NAT Node #2 back up running

[root@ip-10-0-2-11 ~]# tail /tmp/nat_monitor.log      
Fri Feb 8 14:03:29 UTC 2013 -- Starting NAT monitor
Fri Feb 8 14:03:29 UTC 2013 -- Adding this instance to rtb-969a23fb default route on start
ROUTE           i-12990462              0.0.0.0/0
            

Appendix A: Preventing False Positives

When two instances independently monitor each other, there is a possibility that a network interruption between the two instances will result in a false positive, where both instances think that the other has failed and initiate recovery. If both instances can still communicate with the EC2 API endpoints, this scenario could lead to the instances shutting each other down.

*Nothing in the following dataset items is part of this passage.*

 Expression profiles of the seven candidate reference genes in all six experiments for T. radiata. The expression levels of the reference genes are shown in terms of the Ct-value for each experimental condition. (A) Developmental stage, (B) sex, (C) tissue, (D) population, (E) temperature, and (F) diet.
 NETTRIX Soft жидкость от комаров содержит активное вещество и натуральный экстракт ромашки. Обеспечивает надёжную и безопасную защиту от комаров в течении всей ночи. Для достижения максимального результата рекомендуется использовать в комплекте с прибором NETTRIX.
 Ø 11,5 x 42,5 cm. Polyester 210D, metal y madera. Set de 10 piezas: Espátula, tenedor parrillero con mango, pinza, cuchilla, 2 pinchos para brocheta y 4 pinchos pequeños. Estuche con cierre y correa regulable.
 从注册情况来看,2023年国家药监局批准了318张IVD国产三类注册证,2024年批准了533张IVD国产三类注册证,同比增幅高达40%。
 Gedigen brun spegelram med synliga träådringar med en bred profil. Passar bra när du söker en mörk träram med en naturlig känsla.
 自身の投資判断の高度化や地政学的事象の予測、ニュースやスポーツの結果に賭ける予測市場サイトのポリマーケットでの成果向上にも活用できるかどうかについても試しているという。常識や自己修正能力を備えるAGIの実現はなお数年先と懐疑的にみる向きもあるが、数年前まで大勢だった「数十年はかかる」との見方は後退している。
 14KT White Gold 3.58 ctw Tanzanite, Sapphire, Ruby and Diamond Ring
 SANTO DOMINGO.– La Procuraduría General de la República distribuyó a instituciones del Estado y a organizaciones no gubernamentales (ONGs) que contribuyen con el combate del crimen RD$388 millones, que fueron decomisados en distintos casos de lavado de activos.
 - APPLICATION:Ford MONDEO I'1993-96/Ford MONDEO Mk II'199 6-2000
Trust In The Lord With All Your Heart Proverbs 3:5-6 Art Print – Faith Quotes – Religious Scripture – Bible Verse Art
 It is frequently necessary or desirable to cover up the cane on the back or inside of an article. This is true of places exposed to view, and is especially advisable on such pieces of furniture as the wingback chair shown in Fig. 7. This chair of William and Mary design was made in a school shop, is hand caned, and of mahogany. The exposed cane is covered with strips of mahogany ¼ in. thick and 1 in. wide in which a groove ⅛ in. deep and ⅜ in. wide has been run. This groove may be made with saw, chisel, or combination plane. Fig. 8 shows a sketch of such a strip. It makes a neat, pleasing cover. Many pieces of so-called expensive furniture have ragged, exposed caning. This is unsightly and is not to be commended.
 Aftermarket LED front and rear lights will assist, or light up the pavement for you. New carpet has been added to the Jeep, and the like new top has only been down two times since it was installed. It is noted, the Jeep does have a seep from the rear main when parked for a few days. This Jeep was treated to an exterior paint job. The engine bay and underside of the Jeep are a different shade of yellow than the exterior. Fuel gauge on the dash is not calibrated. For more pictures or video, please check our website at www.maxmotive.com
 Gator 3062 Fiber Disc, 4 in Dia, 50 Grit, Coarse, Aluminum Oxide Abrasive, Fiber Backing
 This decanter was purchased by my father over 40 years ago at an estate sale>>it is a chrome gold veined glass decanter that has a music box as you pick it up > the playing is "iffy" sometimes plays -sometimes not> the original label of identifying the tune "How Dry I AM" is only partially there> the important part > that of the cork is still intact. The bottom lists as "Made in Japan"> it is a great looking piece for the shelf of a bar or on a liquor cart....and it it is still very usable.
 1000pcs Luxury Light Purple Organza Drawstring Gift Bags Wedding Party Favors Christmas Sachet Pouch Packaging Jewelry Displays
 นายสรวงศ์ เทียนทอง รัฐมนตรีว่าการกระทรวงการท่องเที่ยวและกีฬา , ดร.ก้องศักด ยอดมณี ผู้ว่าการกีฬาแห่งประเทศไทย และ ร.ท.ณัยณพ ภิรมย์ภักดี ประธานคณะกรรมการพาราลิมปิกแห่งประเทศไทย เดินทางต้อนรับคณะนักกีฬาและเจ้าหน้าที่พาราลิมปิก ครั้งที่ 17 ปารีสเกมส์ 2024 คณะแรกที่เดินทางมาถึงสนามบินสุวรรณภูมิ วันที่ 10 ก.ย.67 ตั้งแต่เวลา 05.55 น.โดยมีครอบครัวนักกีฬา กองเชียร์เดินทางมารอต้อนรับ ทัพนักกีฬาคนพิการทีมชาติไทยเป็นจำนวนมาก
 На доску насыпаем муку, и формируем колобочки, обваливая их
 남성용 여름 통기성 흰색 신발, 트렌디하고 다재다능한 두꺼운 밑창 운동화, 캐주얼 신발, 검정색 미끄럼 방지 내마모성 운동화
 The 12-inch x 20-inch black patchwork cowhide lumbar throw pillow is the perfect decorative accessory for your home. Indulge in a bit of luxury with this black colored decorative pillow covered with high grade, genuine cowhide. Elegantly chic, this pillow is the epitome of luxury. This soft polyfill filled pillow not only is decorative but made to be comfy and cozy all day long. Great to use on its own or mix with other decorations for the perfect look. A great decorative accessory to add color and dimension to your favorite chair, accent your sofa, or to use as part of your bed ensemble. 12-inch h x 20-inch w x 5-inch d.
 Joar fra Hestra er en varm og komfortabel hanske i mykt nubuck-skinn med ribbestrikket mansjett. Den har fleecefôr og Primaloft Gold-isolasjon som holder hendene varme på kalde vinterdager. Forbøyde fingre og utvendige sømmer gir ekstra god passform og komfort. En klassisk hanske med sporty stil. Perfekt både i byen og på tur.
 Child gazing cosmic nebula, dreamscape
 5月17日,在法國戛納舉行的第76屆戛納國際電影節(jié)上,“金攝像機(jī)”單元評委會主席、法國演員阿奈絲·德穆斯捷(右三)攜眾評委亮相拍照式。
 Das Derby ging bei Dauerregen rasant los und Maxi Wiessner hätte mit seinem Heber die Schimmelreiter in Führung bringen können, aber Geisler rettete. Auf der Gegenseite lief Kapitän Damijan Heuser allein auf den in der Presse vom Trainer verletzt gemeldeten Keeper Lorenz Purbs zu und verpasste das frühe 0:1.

The likelihood of this edge case occurring is directly related to how frequently health checks are performed. This example uses the VIP monitor defaults of health checks every five seconds, which results in extremely quick NAT recovery (typically under 10 seconds). However, these defaults make this edge case more likely than if the health checks were performed less frequently (e.g., every 5, 10, or 15 minutes or so).

Three strategies can reduce the risks associated with this edge case:

Increase the number of health checks (Num_Pings) or ping timeout (Ping_Timeout). This will mitigate the risk that temporary network congestion between the NAT instances will result in a false positive. The default is to perform three pings with one second timeout for each ping. Increasing the number of pings or timeout length increases the likelihood that at least one healthy response will be received during a particular health check.

Increase the timeout between health checks (Wait_Between_Pings). Increasing the time between health checks can mitigate the risk that both instances could shut each other down. Ideally this timeout would be greater than the time it takes to stop an instance, and the two NAT instances would be configured to perform their health checks at different intervals. For example, increasing the health check timeout to 10 minutes with NAT Node #2 monitoring starting 5 minutes after NAT Node #1 results in each node performing alternating health checks every 5 minutes but never simultaneously.

Install these scripts on a monitoring instance or "witness server" to perform the monitoring, route swapping, and NAT instance restarting. Additional quorum and recovery logic could also be incorporated into the script to reduce the risk of false positives.